Simon & Schuster announced Wednesday that “Unreliable Boyfriend,” by former Deputy Prime Minister Chrystia Freeland, comes out Oct. 13.

“This is a book about power, democracy, and the choices countries make when the old rules no longer seem to apply,” Freeland said in a statement released by the publisher. “As a Canadian negotiating with the United States during years of extraordinary political turbulence, I had a front-row seat to historic change. I wanted to tell the story of what I saw — and what it means for the future.”

An expert on Russia and Ukraine with degrees from Harvard University and the University of Oxford, Freeland was already an author and journalist before turning to politics. After the 2015 elections, she was appointed minister of international trade by then-Prime Minister Justin Trudeau and went on to serve in a variety of posts over the following decade.

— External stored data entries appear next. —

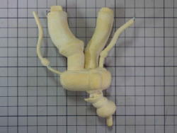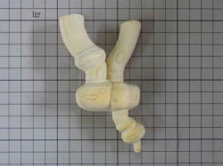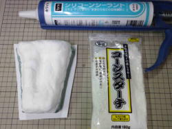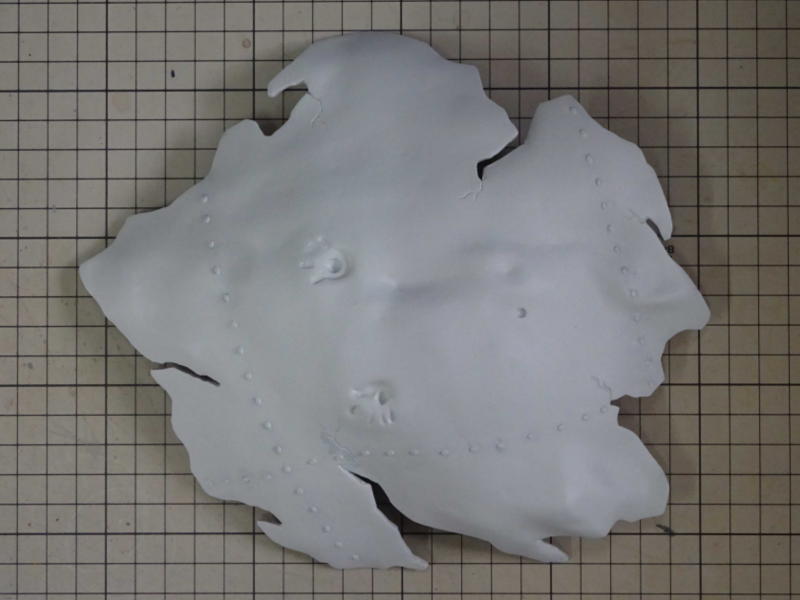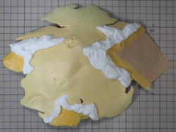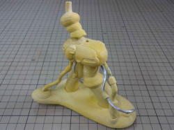 目地埋め等に使うシリコンシーラントとコーンスターチを練り合わせたものを原型に押し当てて型取りしてます。 ベンケイの様に、大きく単純な形で二次原型のための型取りには適した型取り方法です。 良い点は材料費が安いことと、やわらかいおもち状で垂れないので枠組みが必要ないこと。難点は妙な匂いがあるのと練り合わせるのが面倒なことです。硬化時間は3時間〜5時間くらいです。 型取り性能は通常のシリコンとおゆまるの中間くらいでしょうか。 |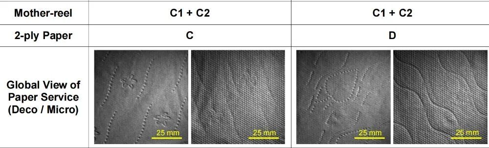 这里有必要对表格数据进行一下说明,Mother reels(A1+A2)表示的是没有经过压花工艺处理的A1、A2两层纸叠在一起的对照组。而Paper A指的是A1、A2经过压花工艺处理之后叠在一起制成的纸(B、C也同理),D和C使用的是同样材质的纸,但压花的图案不一样。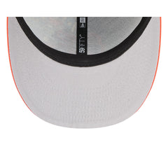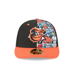 The Baltimore Orioles Diamond Hero Edition Low Profile 59FIFTY Fitted Cap features an embroidered Orioles onomatopoeia pop logo at the front panels with baseball comic book prints at the front and back panel. Additional details include the MLB Batterman logo at the rear and a gray undervisor. This cap comes with a pre-curved visor.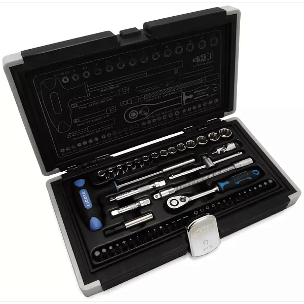 Набор торцевых головок "super lock" с аксессуарами Licota ALK-0002 предназначен для ручного монтажа/демонтажа резьбового крепежа, в том числе и с поврежденными или "слизанными" гранями. Комплект из 50 предметов поставляется в прочном кейсе.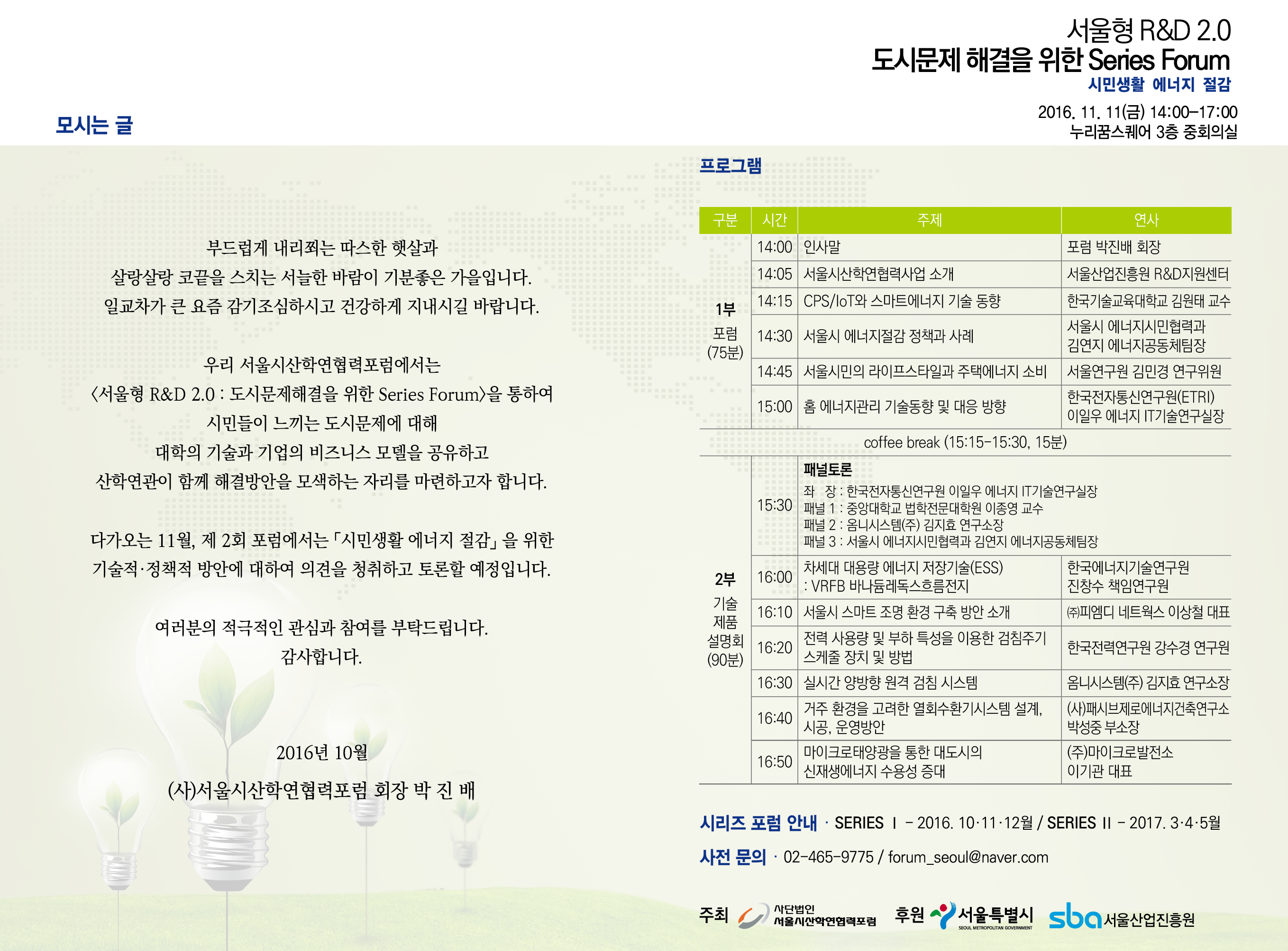 [서울시산학연협력포럼] 도시문제 해결을 위한 시리즈포럼 <시민생활 에너지 절감>
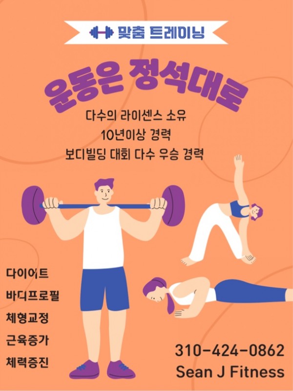 10년의 펄스널 트레이닝의 경험을 토대로 운동/PT를 전문적이고 체계적으로 도와드리고 있는 자격증 NASM & ISSA & ACTION certified personal trainer, Sean이라고 합니다.

In 2017, during Trump's first term, she was targeted by the president as the countries worked on what became the United States-Mexico-Canada Agreement. “We’re very unhappy with the negotiations and the negotiating style of Canada. We don’t like their representative very much,” Trump said at the time.

In 2024-25, as Trump threatened tariffs on Canadian imports and suggested that Canada was better off as the 51st state of the United States, she called him an “existential threat” to the country's future. Trump has called her “totally toxic” and a “terrible person.”

Freeland broke with Trudeau and helped force his departure when she resigned from his cabinet in 2024 amid disagreements over how to respond to Trump. She has since served in Prime Minister Mark Carney's cabinet and as a special envoy to Ukraine. In July, she will become Warden of Rhodes House and CEO of the Rhodes Trust in Oxford, overseeing the venerable scholarship program. She herself was a Rhodes scholar in 1993.